The core issue here is that the use of the tair/ Redis layer of resources is unpredictable. How do you make requests predictable because of the QPS that depend on the interface?

If we add another layer of local cache (guava, for example, with a timeout of 1 second) and ensure that there is only one request back to each key, then the tair/ Redis resource usage can be predicted. Assuming that there are 500 clients, a maximum of 500 requests for a key can penetrate Tair/ Redis in one moment, and so on to DB.

Here’s another example:

For example, if there are 500 clients, a maximum of 500 requests for a key will be sent to the DB at a moment. If there are 10 keys, a maximum of 5000 requests will be sent to the DB.

Data can be continuously flushed from DB to cache through a timed program.

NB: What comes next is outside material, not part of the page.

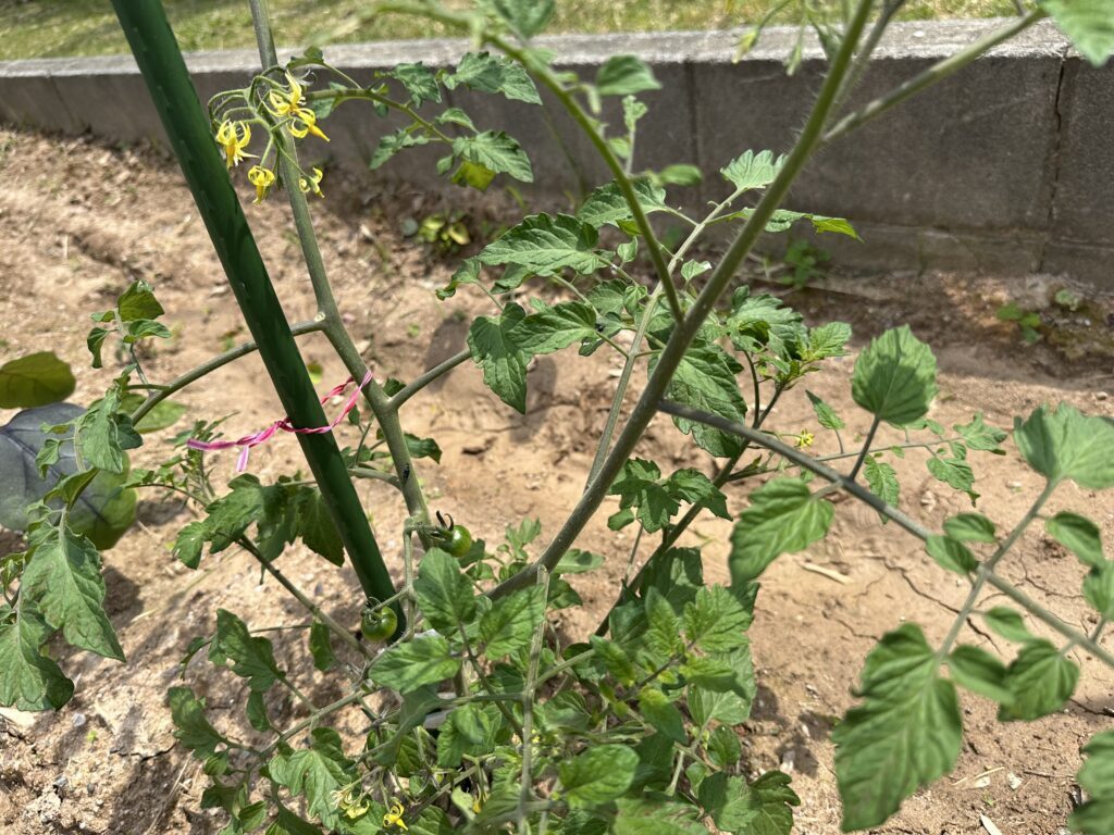 苗から植えたトマトも青い実を実らせていました。

Here we change the db access of 5000 QPS that are not controllable into db access of single-digit QPS that are controllable.

4 summarizes

1) Prepare for pressure!

2) Complex problems to be disassembled for multiple steps, each step can be tested and rolled back!

This is the most valuable practical lesson in application splitting!

3) Murphy’s Law: Whatever you worry about will happen, and it will happen quickly, so have your SOP (standardized solution) ready!

When I had dinner with my colleagues on A Friday, I discussed the risk of a certain function and agreed to solve it next week. As a result, the function broke down when I went to work on Monday. In the past, it was said that a small probability is impossible to happen, but no matter how small the probability is, it has value. For example, P =0.00001%. In the Internet environment, if the number of requests is large enough, a small probability event will actually happen.

4) Borrow the fake and fix the real

The term is a bit of a mystery, as the name suggests, to borrow something to promote another ability, the former is called false, the latter is called true. There are very few opportunities in any organization for major breakdowns of core systems, so once you take responsibility, don’t hesitate to go for it! Don’t be intimidated by the twists and turns of the process, the sharpening of the mind is the true.